The drug is not recommended for patients older than 60 years of age who perform heavy physical work, because of the increased risk of lactacidosis.

The drug should be used with caution in febrile syndrome, adrenal insufficiency, hypothyroidism, and thyroid disease with impaired thyroid function.

Side effects

Endocrine system: hypoglycemia (in case of violation of the dosing regimen and inadequate diet) – headache, fatigue, hunger, excessive sweating, sudden weakness, palpitation, dizziness, impaired coordination of movements, temporary neurological disorders; with progression of hypoglycemia loss of self-control, loss of consciousness is possible.

Metabolic disorders: in some cases – lactacidosis (weakness, myalgia, respiratory disorders, drowsiness, abdominal pain, hypothermia, decreased BP, bradyarrhythmia).

Digestive system disorders: dyspepsia (nausea, diarrhea, feeling of heaviness in epigastrium, “metal” taste in mouth), decreased appetite (intensity of these reactions decreases if the drug is taken with food); rarely – hepatitis, cholestatic jaundice (drug withdrawal is required), increased liver transaminase activity, ALP.

With the hematopoietic system: rarely – inhibition of medullary hematopoiesis (anemia, thrombocytopenia, leukopenia).

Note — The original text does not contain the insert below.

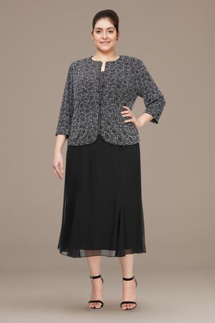 Take a twirl in this tea-length plus size dress and jacket combo. The metallic knit bodice and matching jacket are covered in a glittery geo print, while the mesh skirt is finished with godets at the hemline for lovely movement.

Allergic reactions: itching, urticaria, maculopapular rash.

Others: visual impairment.

In cases of side effects, the dose should be reduced or the drug temporarily stopped.

General side effects of sulfonylurea derivatives: erythropenia, agranulocytosis, hemolytic anemia, pancytopenia, allergic vasculitis, life-threatening liver failure.

Overdose

Symptoms: lactacidosis is possible (because the drug contains metformin), hypoglycemia.

Treatment: if symptoms of lactacidosis occur, the drug should be stopped. Lactacidosis is a condition requiring emergency medical care; treatment is carried out in a hospital. The most effective method of treatment is hemodialysis.

In case of mild or moderate hypoglycemia, glucose (dextrose) or sugar solution is taken orally. In cases of severe hypoglycemia (loss of consciousness), a 40% solution of dextrose (glucose) or glucagon is administered by IV, IM or p/u. After recovery of consciousness, the patient should be given food rich in carbohydrates, in order to avoid the recurrence of hypoglycemia.